Когда Роберт Гискар опустился на барабан — это подтекст. Словами ничего не скажешь. Существенные вещи происходят за пределами слов, за пределами текста — под текстом. А почему? Почему какие-то явления, душевные движения в текст не попадают, а остаются только подтекстом? «Роберт Гискар» — прекрасный пример. Здесь есть то, что составляет тайну действующих лиц, то, что действующие лица хотят скрыть от других, то, чем они ни с кем не делятся. Роберт Гискар в этой сцене в заговоре с собственной дочерью и против всех остальных. Он ведь не желает показать этим слушавшим его только что людям, что он едва на ногах стоит. Это должно остаться тайной. Это понимают только он и его дочь. Подтекст — это то, чего люди не желают публиковать. Не всякая подразумеваемость есть подтекст. Непубликуемое, не подлежащее огласке состояние, движение души — они и уходят в подтекст. Это то, чем вы не желаете делиться с окружающими.

Притом подтекст часто может быть бессознательным. В подтекст уходит то, что для вас самого составляет тайну, — какие-то неясные состояния души, неясные порывы.

У Клейста очень большое развитие получает подтекст, хотя в основном драмы его написаны в открытой, шиллеровской манере. И после Клейста полное развитие подтекст получает у Ибсена — вероятно, не без влияния Клейста.

Это появление подтекста у Клейста не есть случайность. Оно связано с самыми основами его миропонимания, поэтики, стиля. Почему до Клейста подтекст не имеет развития (примеры есть, но их мало; их можно встретить у Шиллера)? Дело в том, что, скажем, у Шиллера люди, даже борющиеся друг с другом, — друг перед другом открыты. Ведь Шиллер считает, что, по сути дела, люди — братья. И всякая борьба, в конце концов, есть нечто второстепенное перед лицом первостепенного обстоятельства — братства всех людей. У Шиллера его персонажи — они как бы себя декларируют друг перед другом. Их открытые речи — это демонстрация внутреннего братства, которое все равно существует. Оно будет фоном для любой вражды.

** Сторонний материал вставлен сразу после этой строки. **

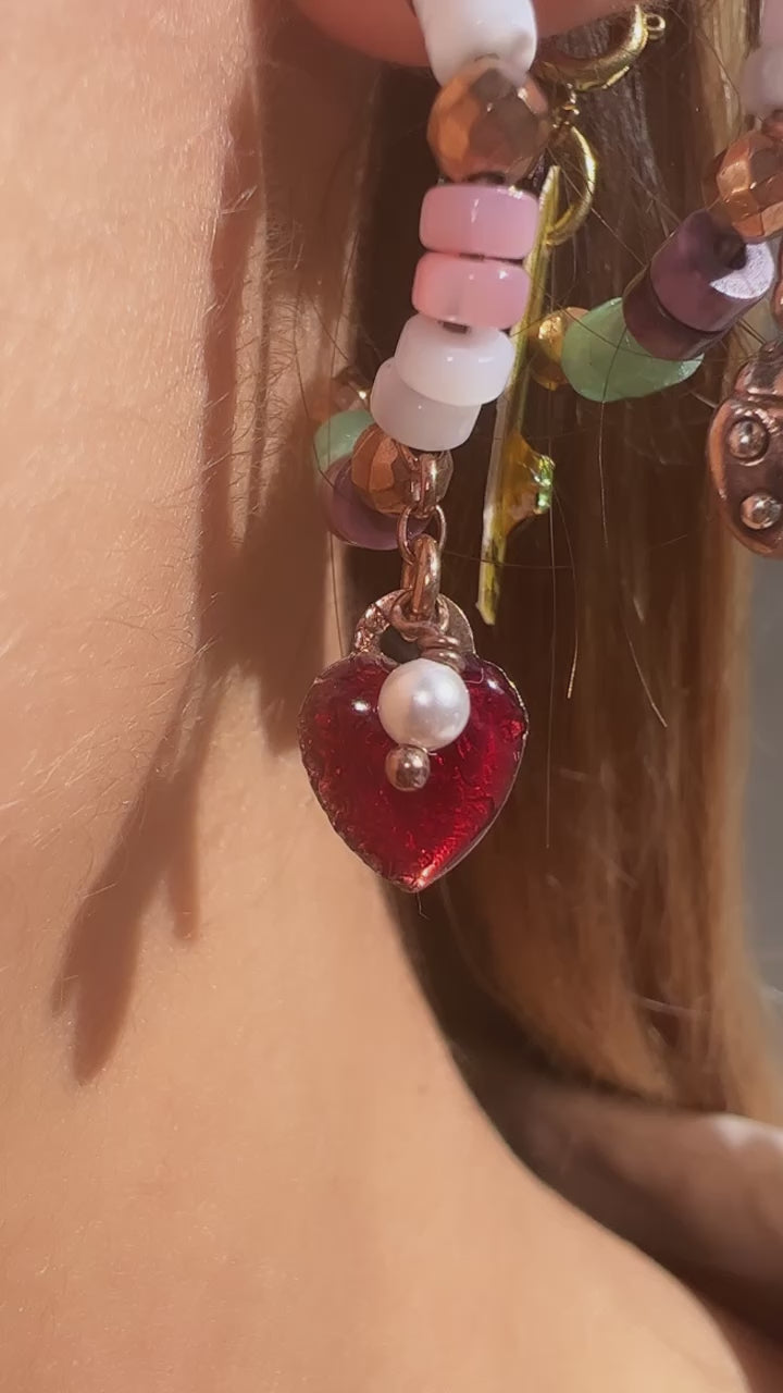 Composti da pietre colorate, con pendenti asimmetrici. Da una parte presentano un cuore smaltata bordeaux e dall’altra una coccinella rosata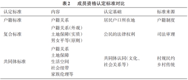 上述司法审理中的“复合标准”,实际是在宽泛的“户籍标准”与严苛的“共同体标准”之间的折中妥协,考虑了当代农村社会中人员流动、户口与居住地不一致等情况。“复合标准”以户籍为外观,以农民生存生活的社会保障(土地承包权、收入来源)为实质,并遵循男女平等的基本原则(见表2)。显然,尽管具有户籍,类似“外嫁女”“招夫女”“入赘男”等仍难以在乡土社会实践中被承认符合“共同体标准”,但按照相关法律法规却被司法审理所认可。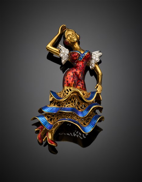 Spilla/pendente a guisa di ballerina in oro giallo e bianco con diamanti e smalti, g 53,49 circa, lungh. cm 9,30 circa. Firmata e marcata Damiani, 1481 AL. (lievi difetti)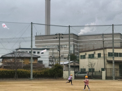 風が弱かったので、子どもたちは一生懸命走ってたこを飛ばしていました。

У Шиллера люди как бы обнимаются друг с другом своими речами. В этом сказалась этическая концепция, свойственная Шиллеру. У Шиллера мир стоит на добре. А если мир посетило зло — это частности.

Клейст, как и все поздние романтики, думает иначе. Зло в мире — не частность, не случайность. Оно глубоко заложено в его основе. И для Клейста люди уже не братья, а враги. Подтекст — это язык врагов. Я говорю так, чтоб меня никто не понимал,— вот что такое подтекст. Люди в заговоре друг против друга. Как здесь, в «Роберте Гискаре». И эта идеология зла, сомнений в этических ценностях, она у Клейста проникает в самую фактуру его драмы, в самую основу его искусства.